4 départements, pris au piège
Quelques lignes dans la presse spécialisée auprès des collectivités territoriales et le piège fonctionnait : les candidatures affluaient, 30 en peu de mois.
"Le laboratoire souterrain, une chance à saisir pour la Haute-Marne" titrait par exemple l’Est Républicain (devenu depuis "JHM") dans son édition du 20 octobre 1993.
Ne restait plus au député qu’à se rendre sur place pour présenter le projet en quelques heures ; d’une part auprès de "représentants" triés sur le volet (élus, consulaires, associatifs) et, d’autre part, auprès des Conseils Généraux… qui votaient leur candidature dans la foulée. Obnubilées par leur mise en concurrence, les différentes assemblées départementales ne voulurent pas voir que les quatre départements précédents (Ain/Aisne/Maine-et-Loire/Deux-Sèvres) venaient d’éconduire le missionnaire Bataille…
Fort d’avoir réussi à trouver des élus consentants, Bataille adressait le 20 décembre 1993 un rapport au gouvernement à qui il proposait de retenir les départements suivants : Gard/Haute-Marne/Meuse/Vienne. Dès le 5 janvier, ce choix était entériné et ouvre la voie à : distribution de 5 millions F par an sur chacun des quatre sites, préliminaires à l’ouverture des chantiers de forages dans les cantons concernés (sous couvert de pseudo-associations), mais également distribution de chèques à tout va aux associations locales (liées au sport, aux écoles, voire aux pompiers, aux gendarmes…). De même lancement de campagnes de communication luxueuses, implantation locale avec création de " maisons de l’Andra ", propagande dans les écoles. Parallèlement, les forages d’étude se multiplient sur les quatre sites ainsi que les achats de terrain avec force tractations secrètes. (À noter que l’Andra acquiert 90 hectares autour de Bure.)
Le refus
Or, malgré la présentation fallacieuse du projet et le rouleau compresseur mis en place, un phénomène inattendu -mais encourageant- se produisit. Des réunions d’information, très souvent à l’initiative d’écologistes (et avec le témoignage des sites antérieurs), ont vu nombre d’habitants se déplacer puis réagir en créant des associations d’opposition au pseudo-labo. Les collectifs citoyens départementaux étaient nés.
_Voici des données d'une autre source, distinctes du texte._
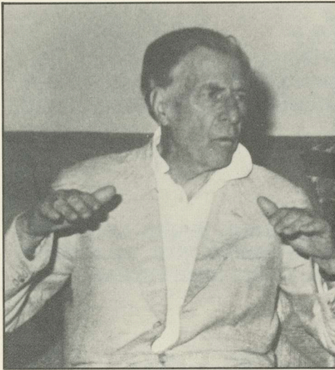
John Kenneth Galbraith

Très vite sont posées des questions fondamentales, tandis que sont mis en lumière au fil des mois : un refus de débat du promoteur Andra, manque flagrant de transparence, achat des consciences, etc. En un mot, l’entourloupe... Et les collectifs montent au créneau afin de tirer la sonnette d’alarme et de sensibiliser leurs concitoyen(nes). Se succèdent alors pétitions (60 000 signatures), conférences (avec invitation d’experts indépendants), opérations coup de poing, barrages filtrants, nombreuses manifestations de masse, recours juridiques multiples, démarches nationales… Dans le Gard, les viticulteurs réalisent une étude d’impact professionnel qui révèle les aspects négatifs d’une implantation de déchets nucléaires aux côtés de leurs vignes.
Par dizaines, par centaines, les professionnels de santé signent un appel de mise en garde contre l’enfouissement.
Est également réactivée la Coordination Nationale des collectifs précédente permettant de mettre en commun les forces, les expériences… Des week-ends de travail fréquents réunissent les collectifs opposants en Gard, Haute-Marne, Meuse, Vienne, Vosges ou Deux-Sèvres qui permettent de mettre en commun des informations, de lancer campagnes ou manifestations nationales. Ainsi l’édition du journal Droit de Regards distribué à 250 000 foyers, la manifestation à Paris-Tour Eiffel, l’opération " 100 000 grains de blé " à Bure etc. Des contacts sont pris avec d’autres groupes antinucléaires et la Coordination s’implique dans la création du Réseau sortir du Nucléaire.
Puis, c’est au tour d’élus locaux de s’opposer et de fonder des associations, et de créer une Coordination Nationale des Élus.
Pendant ce temps, les mois avaient défilé et se profilait une nouvelle étape au printemps 1997 : les enquêtes publiques.